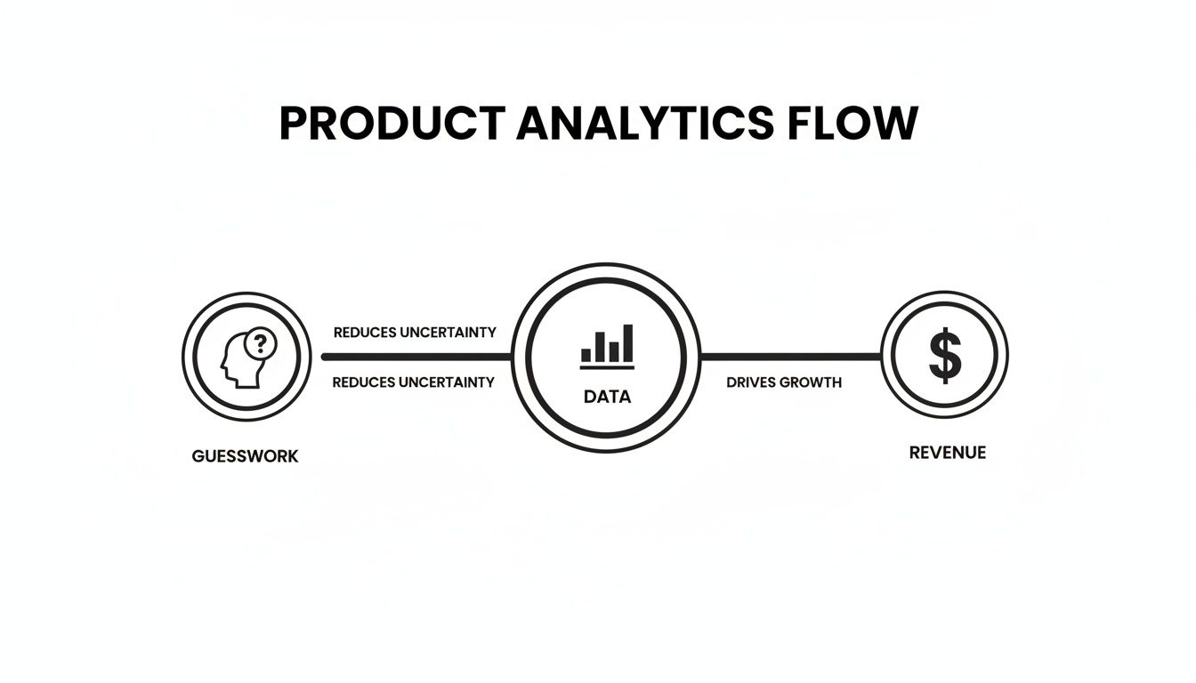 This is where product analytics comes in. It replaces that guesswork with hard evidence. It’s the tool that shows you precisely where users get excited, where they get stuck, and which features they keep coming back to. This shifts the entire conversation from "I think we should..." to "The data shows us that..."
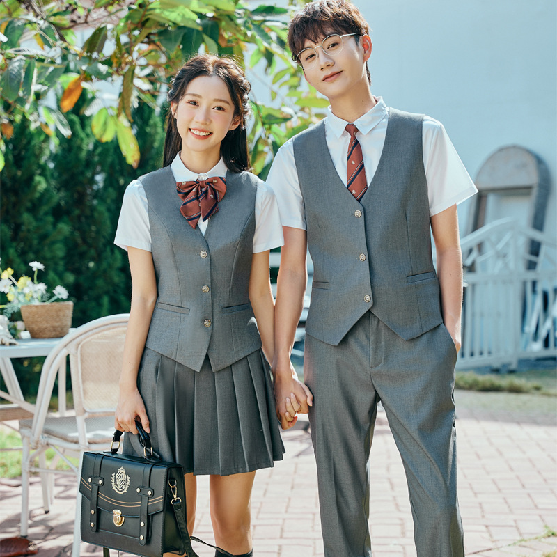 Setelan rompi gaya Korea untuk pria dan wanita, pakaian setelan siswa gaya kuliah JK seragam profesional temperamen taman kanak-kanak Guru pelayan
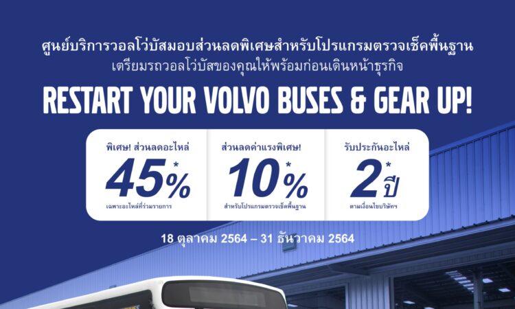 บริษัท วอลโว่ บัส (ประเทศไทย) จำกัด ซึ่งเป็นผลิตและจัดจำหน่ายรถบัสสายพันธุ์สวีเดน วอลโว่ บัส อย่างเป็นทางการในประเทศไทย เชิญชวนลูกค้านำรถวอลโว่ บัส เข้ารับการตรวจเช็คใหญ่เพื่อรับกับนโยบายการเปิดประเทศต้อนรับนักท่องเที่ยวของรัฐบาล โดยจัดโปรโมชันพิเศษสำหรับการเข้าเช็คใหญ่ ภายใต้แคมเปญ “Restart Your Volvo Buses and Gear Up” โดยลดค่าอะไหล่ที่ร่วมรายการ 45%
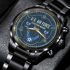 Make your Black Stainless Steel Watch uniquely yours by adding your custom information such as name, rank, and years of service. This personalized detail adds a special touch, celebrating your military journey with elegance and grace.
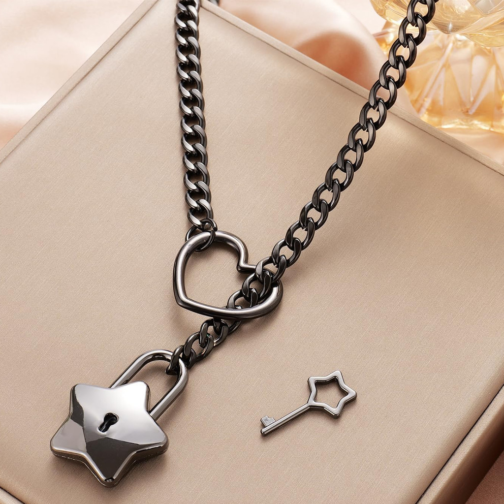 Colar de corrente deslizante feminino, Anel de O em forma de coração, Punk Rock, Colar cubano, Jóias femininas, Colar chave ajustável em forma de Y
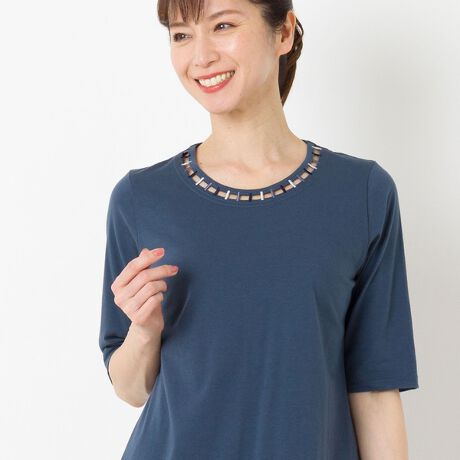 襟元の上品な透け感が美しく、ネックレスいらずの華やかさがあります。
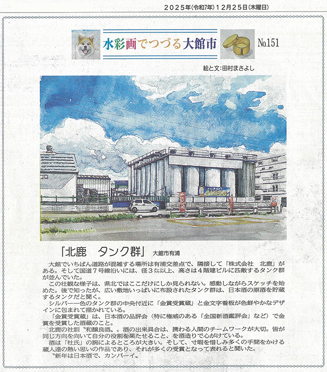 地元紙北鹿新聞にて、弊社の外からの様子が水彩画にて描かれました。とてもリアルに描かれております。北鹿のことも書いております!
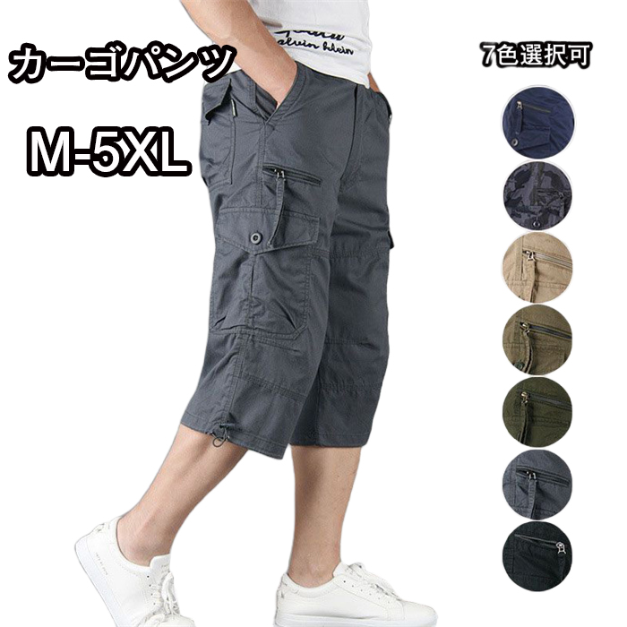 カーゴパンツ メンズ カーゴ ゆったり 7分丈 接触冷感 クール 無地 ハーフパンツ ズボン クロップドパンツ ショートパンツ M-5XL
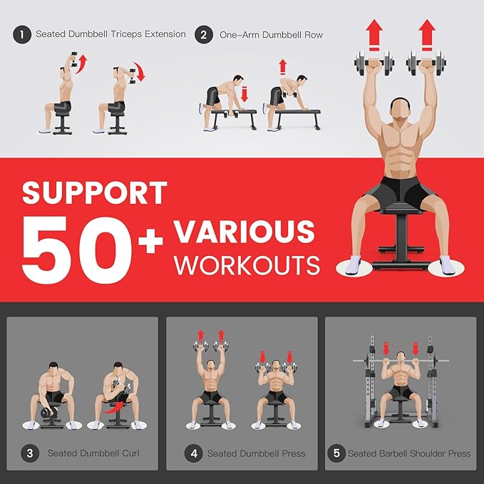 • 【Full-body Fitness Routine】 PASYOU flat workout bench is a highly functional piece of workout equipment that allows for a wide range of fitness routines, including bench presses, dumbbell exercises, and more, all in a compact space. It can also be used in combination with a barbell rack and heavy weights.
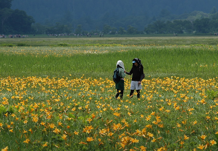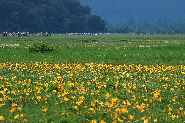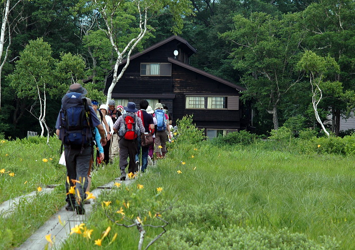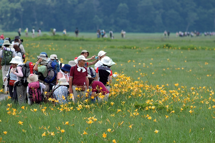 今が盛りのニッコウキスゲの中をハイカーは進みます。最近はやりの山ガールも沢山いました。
☆ ☆ ☆ ☆
**WORK REQUEST**
Nothing but the lines from the one containing "and heavy weights." to the last line of the records should be returned, exactly as they appear and without pictures.

**WRITTEN SOLUTION**
 • 【Full-body Fitness Routine】 PASYOU flat workout bench is a highly functional piece of workout equipment that allows for a wide range of fitness routines, including bench presses, dumbbell exercises, and more, all in a compact space. It can also be used in combination with a barbell rack and heavy weights.
 今が盛りのニッコウキスゲの中をハイカーは進みます。最近はやりの山ガールも沢山いました。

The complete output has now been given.